Scales tend to have restrictions on the magnitude of quantities that they can intelligibly represent. For example, the size of a point should be significantly smaller than the plot panel onto which it is plotted or else it would be hard to compare two or more points. Therefore palettes must be created that enforce such restrictions. This is the reason for the *_pal functions that create and return the actual palette functions.
- mizani.palettes.hls_palette(n_colors=6, h=0.01, l=0.6, s=0.65)

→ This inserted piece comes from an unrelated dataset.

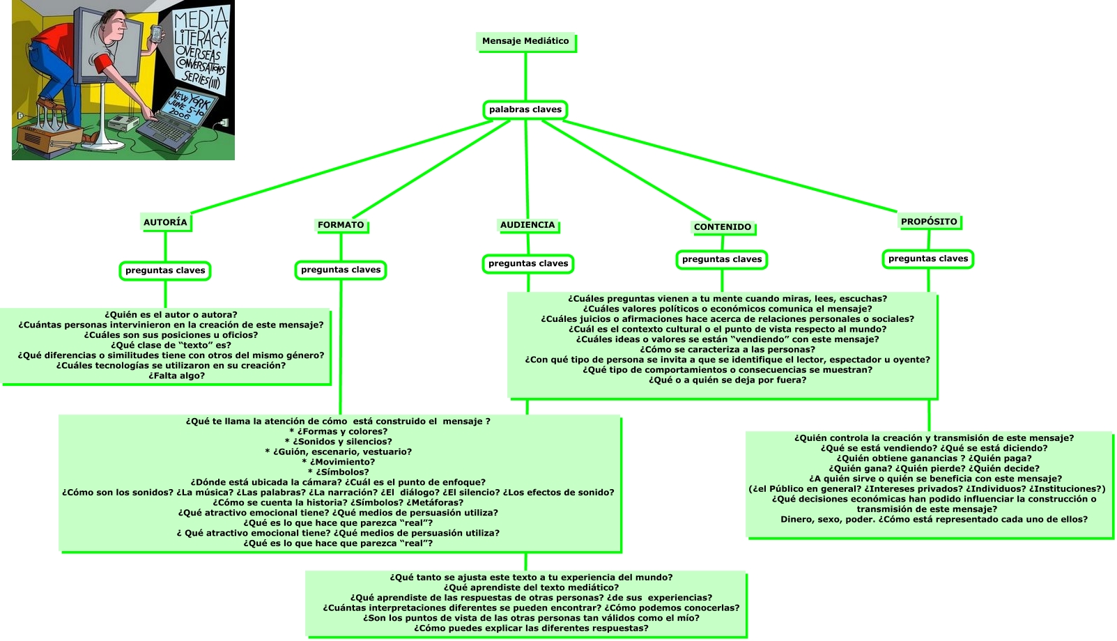 Este mapa conceptual tiene información relacionada a: El mensaje mediático, Mensaje Mediático palabras claves CONTENIDO, Mensaje Mediático palabras claves FORMATO, PROPÓSITO preguntas claves ¿Quién controla la creación y transmisión de este mensaje? ¿Qué se está vendiendo? ¿Qué se está diciendo? ¿Quién obtiene ganancias ? ¿Quién paga? ¿Quién gana? ¿Quién pierde? ¿Quién decide? ¿A quién sirve o quién se beneficia con este mensaje? (¿el Público en general? ¿Intereses privados? ¿Individuos? ¿Instituciones?) ¿Qué decisiones económicas han podido influenciar la construcción o transmisión de este mensaje? Dinero, sexo, poder. ¿Cómo está representado cada uno de ellos?, Mensaje Mediático palabras claves AUTORÍA, FORMATO preguntas claves ¿Qué te llama la atención de cómo está construido el mensaje ? * ¿Formas y colores? * ¿Sonidos y silencios? * ¿Guión, escenario, vestuario? * ¿Movimiento? * ¿Símbolos? ¿Dónde está ubicada la cámara? ¿Cuál es el punto de enfoque? ¿Cómo son los sonidos? ¿La música? ¿Las palabras? ¿La narración? ¿El diálogo? ¿El silencio? ¿Los efectos de sonido? ¿Cómo se cuenta la historia? ¿Símbolos? ¿Metáforas? ¿Qué atractivo emocional tiene? ¿Qué medios de persuasión utiliza? ¿Qué es lo que hace que parezca “real”? ¿ Qué atractivo emocional tiene? ¿Qué medios de persuasión utiliza? ¿Qué es lo que hace que parezca “real”?, AUTORÍA preguntas claves ¿Quién es el autor o autora? ¿Cuántas personas intervinieron en la creación de este mensaje? ¿Cuáles son sus posiciones u oficios? ¿Qué clase de “texto” es? ¿Qué diferencias o similitudes tiene con otros del mismo género? ¿Cuáles tecnologías se utilizaron en su creación? ¿Falta algo?, CONTENIDO preguntas claves ¿Cuáles preguntas vienen a tu mente cuando miras, lees, escuchas? ¿Cuáles valores políticos o económicos comunica el mensaje? ¿Cuáles juicios o afirmaciones hace acerca de relaciones personales o sociales? ¿Cuál es el contexto cultural o el punto de vista respecto al mundo? ¿Cuáles ideas o valores se están “vendiendo” con este mensaje? ¿Cómo se caracteriza a las personas? ¿Con qué tipo de persona se invita a que se identifique el lector, espectador u oyente? ¿Qué tipo de comportamientos o consecuencias se muestran? ¿Qué o a quién se deja por fuera?, Mensaje Mediático palabras claves PROPÓSITO, AUDIENCIA preguntas claves ¿Qué tanto se ajusta este texto a tu experiencia del mundo? ¿Qué aprendiste del texto mediático? ¿Qué aprendiste de las respuestas de otras personas? ¿de sus experiencias? ¿Cuántas interpretaciones diferentes se pueden encontrar? ¿Cómo podemos conocerlas? ¿Son los puntos de vista de las otras personas tan válidos como el mío? ¿Cómo puedes explicar las diferentes respuestas?, Mensaje Mediático palabras claves AUDIENCIA

Get a set of evenly spaced colors in HLS hue space.
h, l, and s should be between 0 and 1
- Parameters
- n_colors
python:int number of colors in the palette
- h
python:float first hue
- l
python:float lightness
- s
python:float saturation
- Returns
- palette
python:list List of colors as RGB hex strings.
SEE ALSO:
- husl_palette
Make a palette using evenly spaced circular hues in the HUSL system.
Examples
>>> len(hls_palette(2)) 2 >>> len(hls_palette(9)) 9
- mizani.palettes.husl_palette(n_colors=6, h=0.01, s=0.9, l=0.65)
Get a set of evenly spaced colors in HUSL hue space.
h, s, and l should be between 0 and 1
- Parameters
- n_colors
python:int number of colors in the palette
- h
python:float first hue
- s
python:float saturation
- l
python:float lightness
- Returns
- palette
python:list List of colors as RGB hex strings.
SEE ALSO:
- hls_palette
Make a palette using evenly spaced circular hues in the HSL system.
Examples
>>> len(husl_palette(3)) 3 >>> len(husl_palette(11)) 11
- mizani.palettes.rescale_pal(range=(0.1, 1))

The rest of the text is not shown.